Written by Ekyhills Adindu

The girl in the mirror is a constant reminder.


The face, the eyes, the nose and the mouth.


Your beauty is the pain you live with, for it has followed you everywhere.


As a child, you were immune.


Everyone liked you and gave you gifts


You would hear them tell your mother “Nwa gi amaka”.


You would come home from school and shout in excitement “Mummy my teacher calls me Ocha ka omaka


She would laugh and say “Omalicham”


You liked it, it made you feel special.


You grew up and the name stuck but the meaning changed.


It was in the way the women in your old office looked at you,


With an expression that seemed like admiration but laced with jealousy.


The men did not mind your beauty so long as they got something from it.


A pinch to the waist, a hug from behind, a tap to the buttocks and sometimes,an unwanted peck to your cheek from a smelly mouth.


And then you moved to a new office where no one noticed your beauty.


In fact, they admired you for the great job you do.

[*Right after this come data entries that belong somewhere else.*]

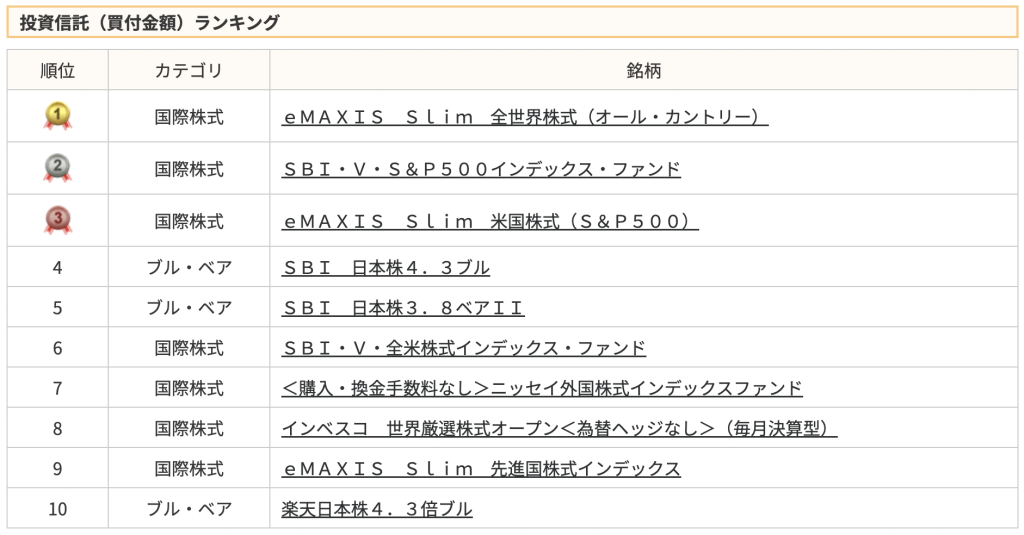 いずれも、ベスト3の投資信託が同じ顔ぶれであることに気づきました。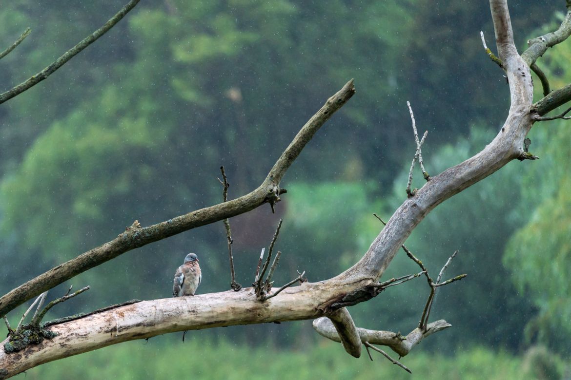 Eén van de eerste dagen van de herfst en het weer is gelijk regenachtig en triest. Dit beeld illustreert de intrede van het najaar perfect. Kouder en natter, deze houtduif gaat niet schuilen maar zit de bui maar uit. @brvfilms_photography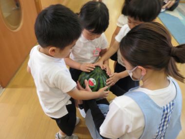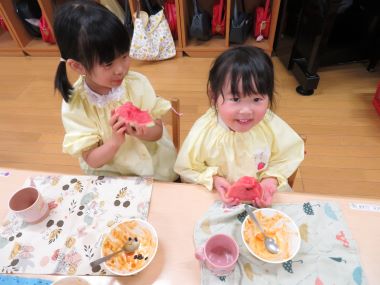 給食でののさまにお供えしたスイカをいただきました。年少さんも種を上手に出しながら食べています。
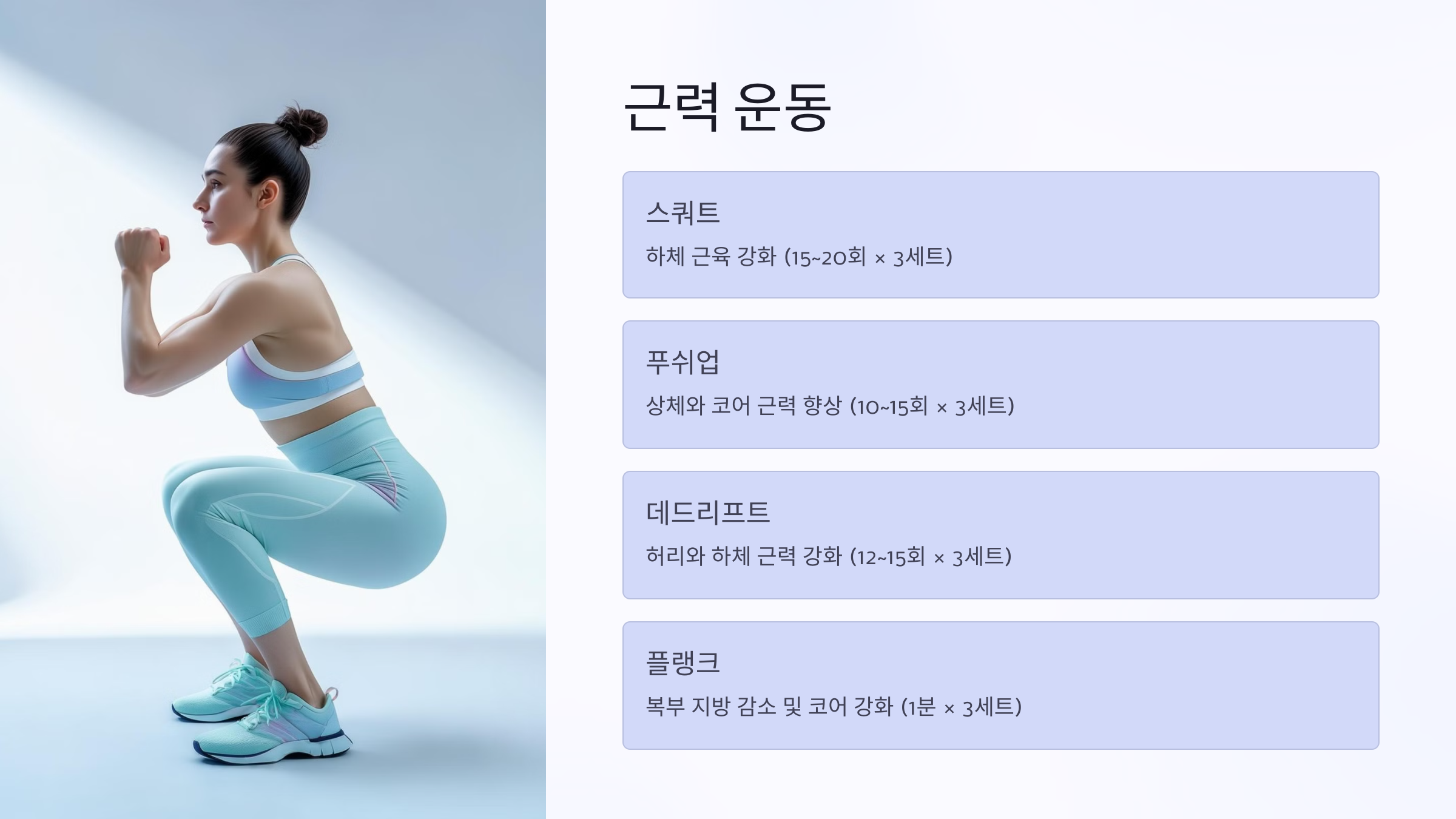 | 🏋️♂️ 스쿼트 | 15~20회 × 3세트 | 하체 근육 강화 & 기초대사량 증가 |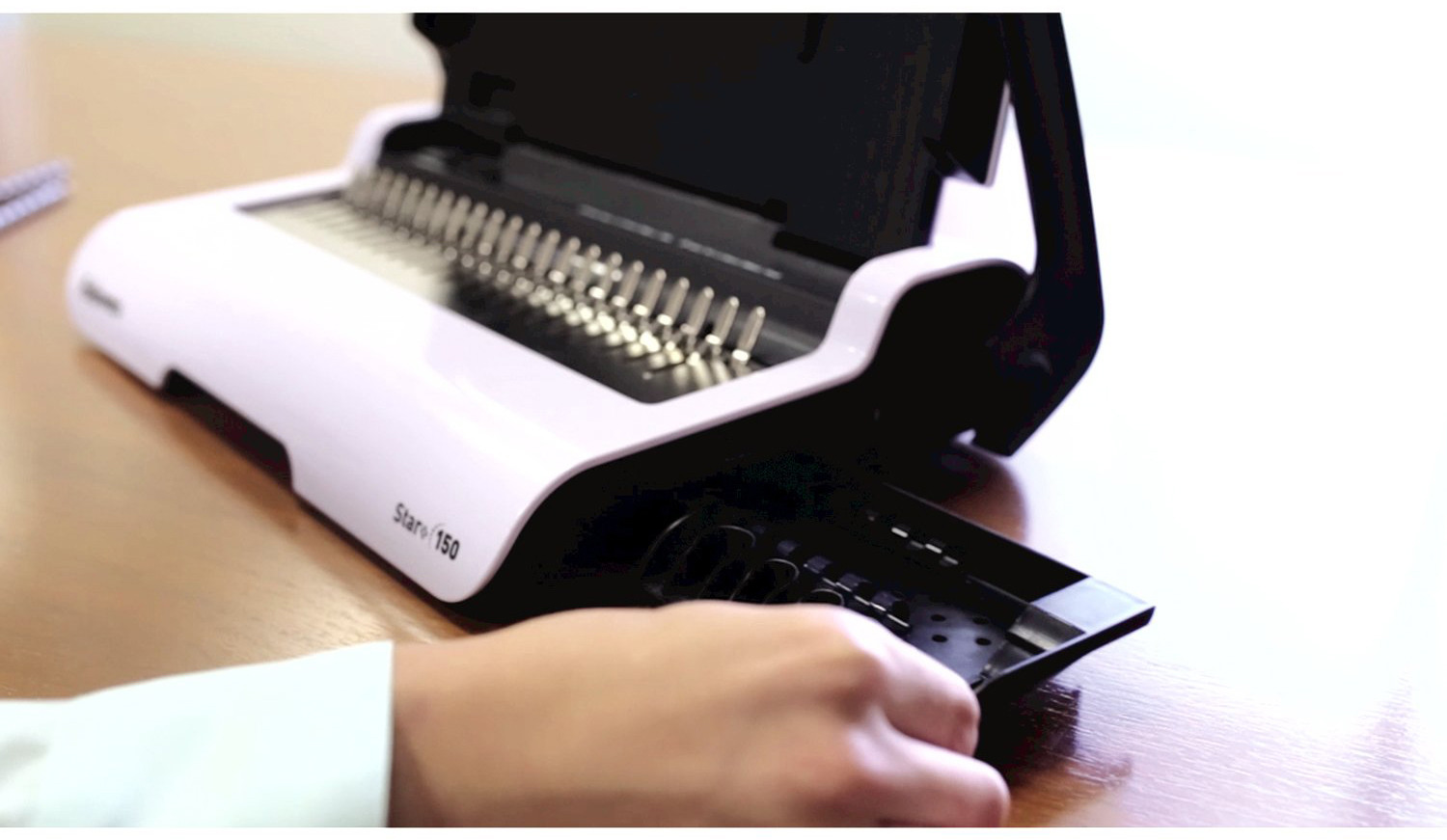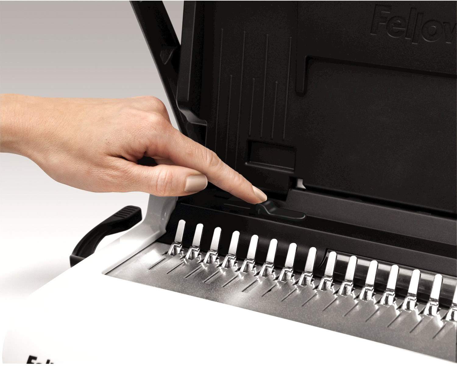 Stanzkapazität 15 Blatt (80g/m² Papier), Bindekapazität 150 Blatt mit max. 19mm Plastikbinderücken, müheloses manuelles Stanzen dank durchgängigem Stanzhebel, angewinkelter Kammträger erleichtert das Einlegen der Blätter, einstellbarer Schieber-Randanschlag zur genauen Ausrichtung des Papiers, Aufbewahrungsfach mit patentierter Dokument- und Binderückenmessfunktion zur schnellen Auswahl des passenden Binderückens, Stanzrestefach öffnet sich automatisch wenn voll, Masse: 8 x 45 x 28 cm.

No women to make you regret it or men to remind you of it.


But one day, your boss’s wife comes to visit,


You greet her in the most cordial manner and she looks at you from head to toe as though to say “this fine evil”.


Just then, you knew it has come back.

 You sit at your desk and wish it hasn’t, that it’s an imagination.


Then you hear her loud voice from your boss’s office saying


“ She’s too fine to be your secretary, fire her!


And that’s when you knew it’s never going away, for your beauty is your curse and it’s a castigo divino.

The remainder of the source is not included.